Hardware and Partitions

The cluster is made up of one Controller, several cluster nodes and ‘cluster clients’.

The Controller is a server (without GPUs) named 'op-controller2', to which users log on, via ssh (where their home directory and group storage are mounted in the same way as on the other CS servers) and from where they launch jobs.

The ‘cluster clients’ are servers (GPU servers) named c-[001-009], to which users log on via ssh (again, home dirs and group storage is mounted on the same paths) and from where they can develop, test, and launch jobs. They are NOT part of Slurm nodes and Slurm will never run jobs on them.

**These servers are ONLY for debugging/testing - long or multiple process per user will be killed - no prior notice.

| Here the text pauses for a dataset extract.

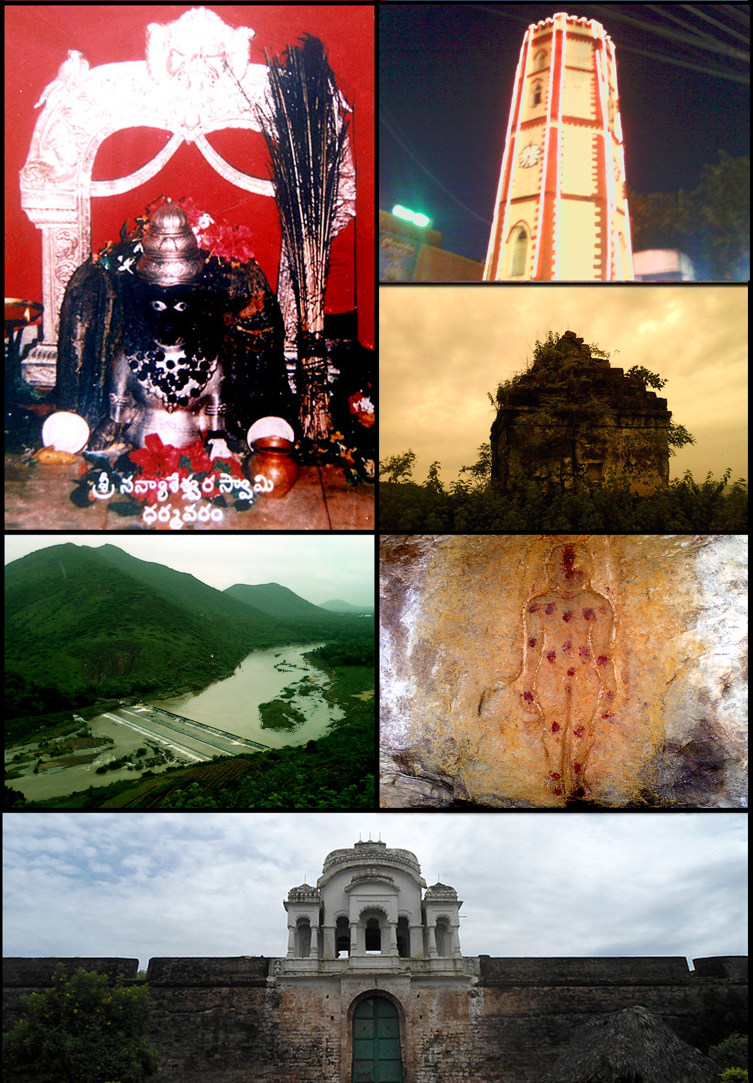 Montage of Vizianagaram District with Images from wikimedia commons

The ‘cluster nodes’ are servers on which the jobs run n-[001-003]/s-[001-006]. Although not identical to each other, each Node has two Xeon CPUs, several Nvidia GPUs and a considerable amount of RAM.

 

l
GPU Feature שם מחשב
72 NVIDIA GeForce RTX 3090 n-3xx
20 A5000 n-5xx
16 A6000 n-6xx
32 NVIDIA A100-SXM-80GB

n-4xx

24 NVIDIA H100-80GB HBM3 n-1xx
16  Tesla V100-SXM2-32GB rack-xxx-dgx1
8 Quadro RTX 8000  rack-omerl-g01
32 NVIDIA GeForce RTX 2080 Ti n-2xx
48 Nvidia Titan XP s-xxx

The ‘CPU nodes’ For jobs that need CPU only (cpu-killable partition)

l
CPU Feature שם מחשב
 21*40 Intel(R) Xeon(R) CPU E5-2680 v2 @ 2.80GHz

rack-iscb-[01-21]

9*72 Intel(R) Xeon(R) CPU E5-2699 v3 @ 2.30GHz rack-iscb-[31-39]
256 AMD EPYC 7713 64-Core Processor rack-ai-01

On CS Cluster hardware and prioritazion are managed using partitions constraints. You specify a partition using  --partition in your job script in order for your job to run on the appropriate type of node using   --constraint  to specify a specific hardware in the partition.

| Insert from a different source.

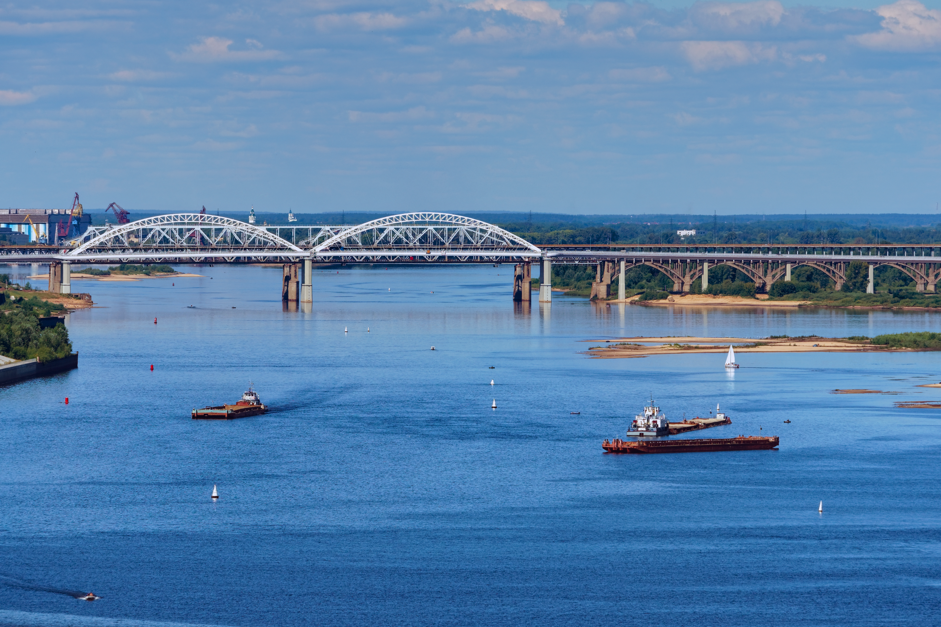 Nizhny Novgorod. Volga Bridge

A list of the available partitions can be obtained using the sinfo command. 

 

l
Max Run Time Notes Partition name Group
 1 day Default partition  killable Research
1 day Partition for a100 resources only gpu-a100-killable Research
1-5 days Priority partition. You need to get permission to use it! gpu-<research-group> Research
5 days For CPU jobs cpu-killable Research
 1 day Low Priority partition  studentkillable Students
3 day For batch jobs - Limit 6 batch jobs per user studentbatch Students
3 Hours Open interactive session - Mainly for testing studentrun Students

SSH connections are only performed to the Controller and ‘cluster clients’. Users cannot connect directly to the nodes.

(Go to top)

Software

All servers share the same OS, currently Ubuntu 18.04 with the latest version of Slurm.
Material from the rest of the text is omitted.